For scanning electron microscopy, resin blocks were mounted on aluminum stubs with adhesive carbon tape (Plano, Wetzlar, Germany). After coating with a thin layer of carbon (approx. 5 nm, Safematic CCU-010, Zizers, Switzerland) the respective block surface was examined in a scanning electron microscope (Merlin VP compact, Zeiss, Ober-kochen, Germany) equipped with an energy dispersive X-ray spectrometer for elemental analysis (Bruker XFlash 6/30 with Quantax QX400 and Esprit 2.0 software, Bruker Nano, Berlin, Germany) to analyze the elemental distribution in the embedded cells.

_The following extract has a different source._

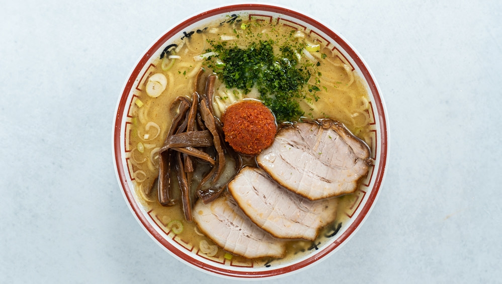 渋谷の真ん中にありながらラーメン屋台の原風景を思い起こさせる、小さめのどんぶりになみなみと注がれた「中華そば」が、Woltを使えば自宅でも堪能できる。濁らせないように丁寧に炊いた豚骨と、塩だれで味を整えた奥深い味わいのスープに、平打ちのちぢれ麺が良く合う。自家製だれで煮込んだチャーシューも絶品だ。「山形辛味噌らーめん」はまろやかな味わいのスープに、ニンニクの効いた辛味噌を溶かしながら食べる。表面にかかった青のりが、味のアクセント。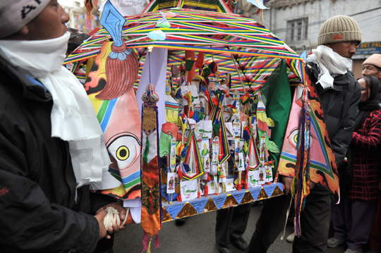 僧侶たちが山から下りて来て、“ド”と呼ばれる鮮やかな糸を張りめぐらせた祭壇と共にメインバザール(町のメイン通り)を練り歩きます。

4.11. Statistical Analysis

Human pre-osteoblasts from a minimum of six independent donors were used for the experiments. If not otherwise stated, data are expressed as box plots with median, interquartile ranges, and minimum and maximum values using GraphPad Prism 8.0 (GraphPad Software, San Diego, CA, USA), and were analyzed by two-way analysis of variance (ANOVA) followed by Bonferroni’s multiple comparisons test. The level of statistical significance was set as p < 0.05. For statistical calculations, GraphPad Prism, version 8.0 was used, and adjusted p values are displayed.

5. Conclusions

Long-term exposure of human pre-osteoblasts to BMP-2 had a positive effect on osteogenic differentiation towards mature osteoblasts, however, proteins that promote osteoclast activation were also increased. The morphological changes of the cells after BMP-2 long-term exposure were particularly apparent. Intracellular inclusions occurred, which were likely lipid vacuoles, suggesting transdifferentiation or adipogenesis of the pre-osteoblasts. Overall, long-term exposure of human pre-osteoblasts with BMP-2 in lower concentrations did not resolve the described side effects, such as adipogenesis and osteoclastogenesis.